In January 1994 a young climber froze to death there, alone and delirious. His name was Derek Tinkham, and he died doing the same traverse, headed for the same summit. In terrible weather, night falling upon them, Tink­ham and his hiking partner, Jeremy Haas, kept going. The temperature plummeted, and the wind picked up, Tinkham growing weaker with each step. Eventually he could walk no farther. Haas tried to bundle Tinkham into his sleeping bag, then he left him to seek help. Winds reached hurricane speeds, forcing Haas to crawl; cold near 30° below zero began killing his exposed skin. After miserable hours he reached the observatory atop Washington, where the crew found him and brought him inside. He suffered severe frostbite, his hands eventually swelling into black stumps. But he lived.

Haas was the more experienced climber, and he was roundly blamed, first for continuing in weather that called for retreat, then for abandoning his friend, who was exhausted but did not protest out of stubbornness or simply because he was hypothermic and his brain was shutting down. A rescue team found Tinkham the next day, half inside his sleeping bag, his face a mask the men would remember for years.

Seated atop my pack, scanning the map, I remember the days after Tinkham died, when the newspapers and everyone I knew talked about weather and arrogance and death. The tragedy didn't keep Jon or me out of the mountains. We barely paused. We each thought, as all young climbers do, It will never happen to me.

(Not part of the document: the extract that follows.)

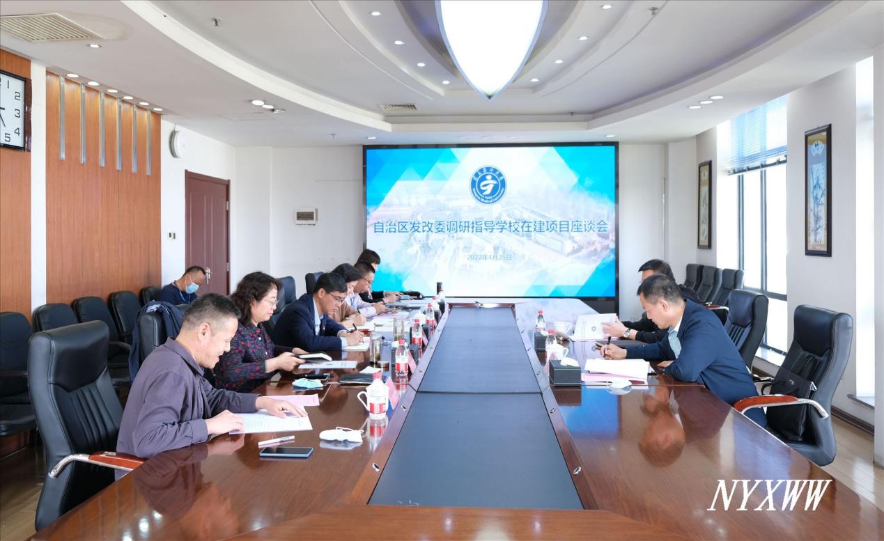4月25日下午,自治区发改委党组成员副主任杨瑞军和社会处处长姚永昌一行到学校调研已建和在建工程项目,学校校长姜怡邓、副校长刘志宏、郝银菊等陪同调研。

Before us, several possible routes open across a snowfield sheathed with an ice crust. We choose one, Jon leading. He takes a few steps and then sinks to his hips in deep snow. He wrestles with his trekking poles and tries to push himself out of the hole, the heavy backpack fighting him. He takes another step, sinks again. Soon I'm postholing too, fir branches below the snow clawing at my legs. The process—step, sink, repeat—is exhausting, the price of an audience with Washington.